Rueda llega al ecuador firme en las encuestas pero vulnerable ante las crisis del SERGAS y el avance de Vox
La oposición pone el foco en las listas de espera de sanidad consciente de que es el principal talón de aquiles de unos conservadores gallegos que, además, tienen que lidiar con el avance de los ultranacionalistas españoles en las encuestas, si bien es cierto que es mucho más pronunciado a nivel estatal que a nivel gallego.
Este miércoles, el calendario político de Galicia marca una fecha señalada en rojo: se cumplen exactamente dos años desde que la ciudadanía acudió a las urnas para otorgar, una vez más, la mayoría absoluta al Partido Popular. Alfonso Rueda atraviesa así el ecuador de su legislatura, un hito temporal que ha servido para evidenciar la enorme distancia que separa la visión del Ejecutivo autonómico de la realidad que describen los partidos de la oposición. Mientras San Caetano celebra la estabilidad y la gestión bajo la marca "Galicia Calidade", BNG y PSdeG dibujan un escenario de emergencia social, con la sanidad y la vivienda como principales agujeros negros de la gestión conservadora.

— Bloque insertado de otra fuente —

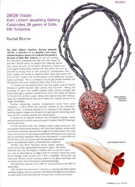 The Kath Libbert Jewellery Gallery presents '20/20', a collection of art jewellery from international designer-makers to celebrate the gallery's 20 years at Salts Mill, Saltaire. As well as marking this wonderful milestone, the title wills the viewer to use their '20/20 vision' to analyse the meaning behind each piece. As with all of Kath's exhibitions, viewers are encouraged to physically interact with the pieces as much as possible by trying them on and posing for photographs. This time, viewers are invited to examine each piece and match the artist to their 'cryptic clue' for the chance to win £100 cash towards future purchases. This is a fantastic way to get people involved and talking about the work, especially those new to the artform.
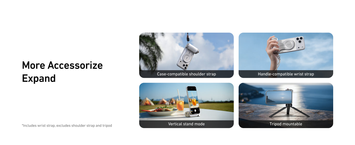 | A complete creator phone grip kit | Optional Creator Flash Combo Kit with integrated magnetic flash |

El presidente de la Xunta no ha dejado pasar la oportunidad para sacar pecho de su gestión a través de las redes sociales, recordando la confianza depositada por los electores hace 24 meses. Para el líder del Ejecutivo gallego, estos dos años son la prueba de que existe una manera propia de gobernar, un "estilo Rueda" que, a su juicio, sigue tan vigente y vigoroso como el primer día.

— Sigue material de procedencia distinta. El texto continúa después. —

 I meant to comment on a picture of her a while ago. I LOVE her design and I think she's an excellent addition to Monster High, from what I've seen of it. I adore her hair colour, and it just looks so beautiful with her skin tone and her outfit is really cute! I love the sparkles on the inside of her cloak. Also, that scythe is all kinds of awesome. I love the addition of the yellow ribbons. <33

Desde las filas populares, se esfuerzan en transmitir un mensaje de continuidad y solvencia, argumentando que trabajan diariamente para honrar el mandato de las urnas. La narrativa oficial se centra en la estabilidad institucional como un valor refugio, contrastando la situación gallega con el ruido político constante que atenaza la política estatal.
Sin embargo, el triunfalismo del PP choca frontalmente con el diagnóstico del PSdeG, cuyo líder, José Ramón Gómez Besteiro, ha calificado la situación actual de dramática para miles de familias. Los socialistas acusan al gobierno autonómico de vivir instalado en la propaganda mediática mientras los problemas reales de los ciudadanos se cronifican.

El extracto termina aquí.